Fig. 11 MapNodes schedules nodes that reference register variables or immediate operands as nondelayed loads or unary operators.

Algorithm *MapNodes* in Figure 11 marks which operators should be treated as nondelayed loads or unary operators by setting the node's *sched\_op* field. On some architectures immediate operands are only allowed as the rightmost operand of an instruction. *MapNodes* can readily be modified to treat only a small literal value occurring as the rightmost operand of a node as an immediate operand.

In Figure 12 the unary operator and constant of Figure 10 are replaced, respectively, by a binary operator with an identifier and small constant  $(c_s)$  as operands and a unary operator with a register variable operand. Each subtree is scheduled in the same manner as the subtree it replaces. The new schedule substitutes instructions 6 and 10 of Figure 10 with these corresponding instructions. This schedule is in extended canonical form, which is described in Section 10.3. Single lines separate the subsequences in extended canonical form.

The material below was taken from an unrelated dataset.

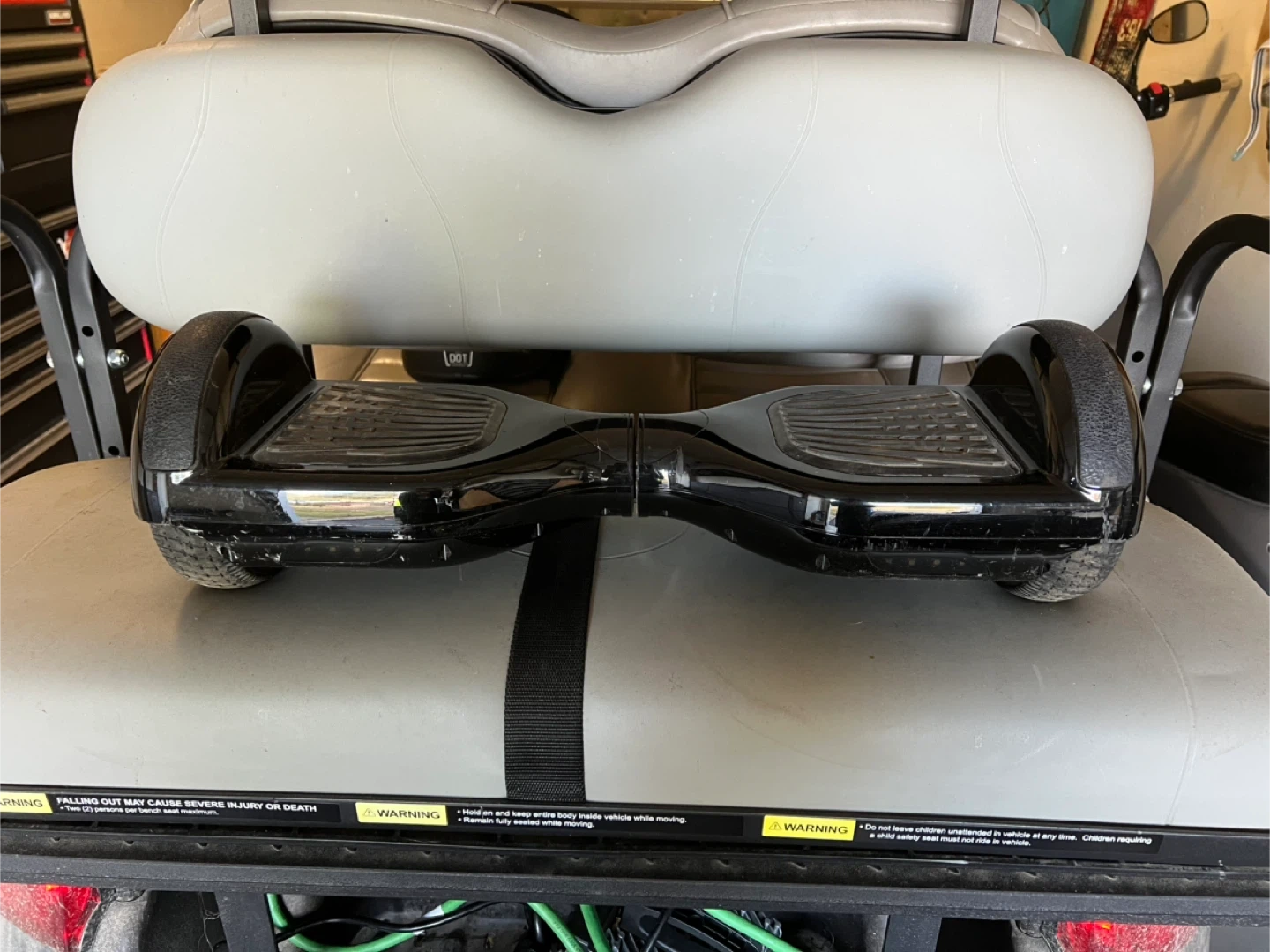 Selling a used black hoverboard. It's a self-balancing scooter that's perfect for getting around! It does have some signs of wear and tear, but is still fully functional.

#### 10. THE FINAL SCHEDULE

After running MapNodes and UnaryCalc, DLS produces the final schedule for T. This version of DLS returns a delay-free schedule, if one exists, using the minimum



| Cycle# | DLS Schedule          |
|--------|-----------------------|
| 1.     | load m1, r1           |
| 2.     | load m2, r2           |
| 3      | load m3, r3           |
| 4.     | <b>add</b> r1, r2, r1 |
| 5.     | load m4, r2           |
| 6.     | add r3, cs, r3        |
| 7.     | add r3, r2, r3        |
| 8.     | load m5, r2           |
| 9.     | add r1, r3, r1        |
| 10.    | neg r5, r3            |
| 11.    | add r2, r3, r2        |
| 12.    | add r1, r2, r1        |

Fig. 12. Minimizing register usage in the presence of register variables and immediate operands.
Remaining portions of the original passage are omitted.